→ **What the exercise asks**
Your reply should hold every record exactly as given, with no pictures in it.

→ **Input data**
╭──

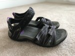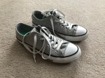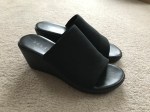 The footwear: black wedge heels, black sandals, and gray converse sneakers.
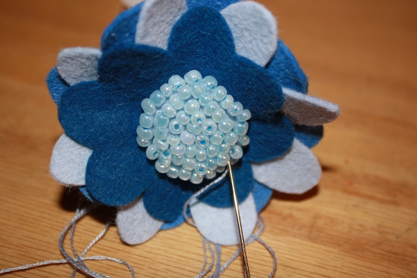 16] Using a matching thread, tack the beaded center to the center of the flower. You should only need to go through the center and petal 3 to secure.
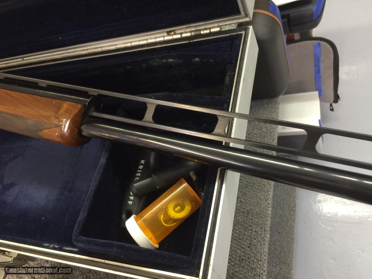 Description: IVE PARTED OUT THE GUN AND SOLD EVERYTHING BUT THE BARREL. THE BARREL CAN BE FIT TO ANY K-80 OR K-32. SEE THE BARREL DESCRIPTION BELOW. BUY THIS ADJUSTABLE UNSINGLE BARREL FOR $1650 delivered. I'm selling a K-80 RT--Removable Trigger--model with a 32 inch unsingle barrel. It has a factory adjustable comb with a counter coil recoil reducing system and an LOP of 14 3/4 inches. The pad is also adjustable. This gun can be made to fit just about everyone! The 32 inch unsingle is Pro-Ported and has Briley thinwall chokes in IM, LF and Full. The removable pull triggers are very nice and crisp. I'd rate the gun iverall at 80% with excellent mechanics and bore. The best buy on thefor a K-80 and my price includes shipping and insurance. SOLD Serial Number: 2138X |
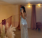 Abito lungo di paillettes con culotte e dettaglio bretelle a incrocio nella parte dietro
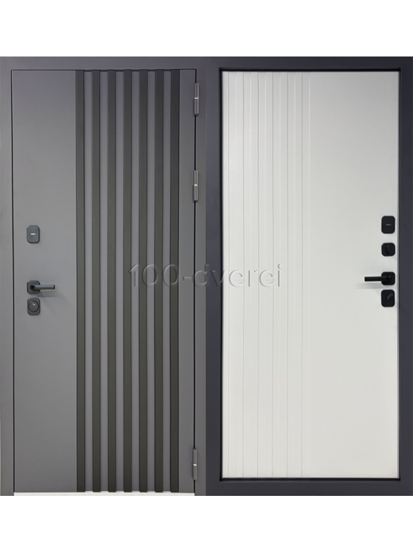 Дверь MXD ТЕРМО — это дизайнерская входная дверь класса люкс. Она изготовлена из нескольких листов стали, имеет звукоизоляцию и теплоизоляцию, утеплённый короб и полотно, защищающее от сквозняков и шумов. Внешняя отделка двери выполнена в стиле букле антрацит, а внутренняя — в виде ламинированной МДФ-панели белого матового цвета.

╰──

→ **Task output**
 The footwear: black wedge heels, black sandals, and gray converse sneakers.
 16] Using a matching thread, tack the beaded center to the center of the flower. You should only need to go through the center and petal 3 to secure.
 Description: IVE PARTED OUT THE GUN AND SOLD EVERYTHING BUT THE BARREL. THE BARREL CAN BE FIT TO ANY K-80 OR K-32. SEE THE BARREL DESCRIPTION BELOW. BUY THIS ADJUSTABLE UNSINGLE BARREL FOR $1650 delivered. I'm selling a K-80 RT--Removable Trigger--model with a 32 inch unsingle barrel. It has a factory adjustable comb with a counter coil recoil reducing system and an LOP of 14 3/4 inches. The pad is also adjustable. This gun can be made to fit just about everyone! The 32 inch unsingle is Pro-Ported and has Briley thinwall chokes in IM, LF and Full. The removable pull triggers are very nice and crisp. I'd rate the gun iverall at 80% with excellent mechanics and bore. The best buy on thefor a K-80 and my price includes shipping and insurance. SOLD Serial Number: 2138X |
 Abito lungo di paillettes con culotte e dettaglio bretelle a incrocio nella parte dietro
 Дверь MXD ТЕРМО — это дизайнерская входная дверь класса люкс. Она изготовлена из нескольких листов стали, имеет звукоизоляцию и теплоизоляцию, утеплённый короб и полотно, защищающее от сквозняков и шумов. Внешняя отделка двери выполнена в стиле букле антрацит, а внутренняя — в виде ламинированной МДФ-панели белого матового цвета.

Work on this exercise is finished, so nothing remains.